That time we went to Munich
History has been profoundly unkind to British Prime Minister Neville Chamberlain. His infamous “Peace for our time” proclamation became a tragi-comic slur as the troops mustered in 1939.
Appeasement — Chamberlain’s policy towards Adolf Hitler’s claims on Czechoslovakia — became a byword for capitulation and grovelling. The cult of Winston Churchill looms large above this skewered legacy.
“Poor Neville will come badly out of history,” the old bulldog once said. “I know, I will write that history.”
The journalist-turned-novelist Robert Harris (Fatherland, Pompeii) attempts to exhume Chamberlain from the casket of condemnation in his new book Munich.

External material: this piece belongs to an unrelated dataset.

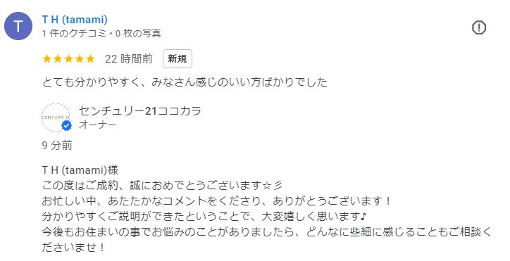 グーグルレビューをいただきました!

It’s a suspenseful, if baggy, fictionalisation of the 1938 conference where Britain did its best to avoid total war over what Chamberlain once derisively called “a quarrel in a faraway country between people of whom we know nothing”.
Harris wriggles his way into the smoke-plumed meeting rooms of the British and German foreign ministries with two cypher-ish creations: Hugh Legat, a young upper-crust private secretary and Paul Hartmann, ensconced deep in the Reich. They went to university together and, as the storm gathers, they are forced to reunite covertly through backchannels, conducting espionage to save their respective countries from conflict.
Legat and Hartmann’s proximity to the heights of power allows Harris to closely observe the central players: Hitler inevitably passed off as a brute, Mussolini a preening matinee idol, Goering corpulent and the French hand-wringing.
Harris saves his more rigorous characterisations for Chamberlain himself, a “corvine profile … hard, stubborn; belligerent even … a Victorian figure.” The negotiations themselves are, well, negotiated with subtle clarity; Harris never feeling obliged to lecture the intricacies.
He has an undeniable touch for pace and intrigue, for leaving narrative threads tantalisingly suspended, although, at times, his research clogs his prose with the desiderata of the period: florid descriptions of architecture and hotel tablecloths, typewriters, telephones, car models and cigarette brands. “Dinner was chanterelle soup followed by veal and noodles.” Mercifully, we don’t hear about dessert.
All the while, Harris makes his case that Chamberlain was doing his best with what circumstances gave him. The Munich deal gave Britain time to rearm and when Hitler went on to threaten Poland, the Fuhrer was revealed to be a warmonger. Of course, Harris runs headlong into Churchill again and cannot avoid him. After all, Churchill was clear-eyed on Nazism as early as 1934.
The price of appeasement in the short-term implies a foggy view of the future.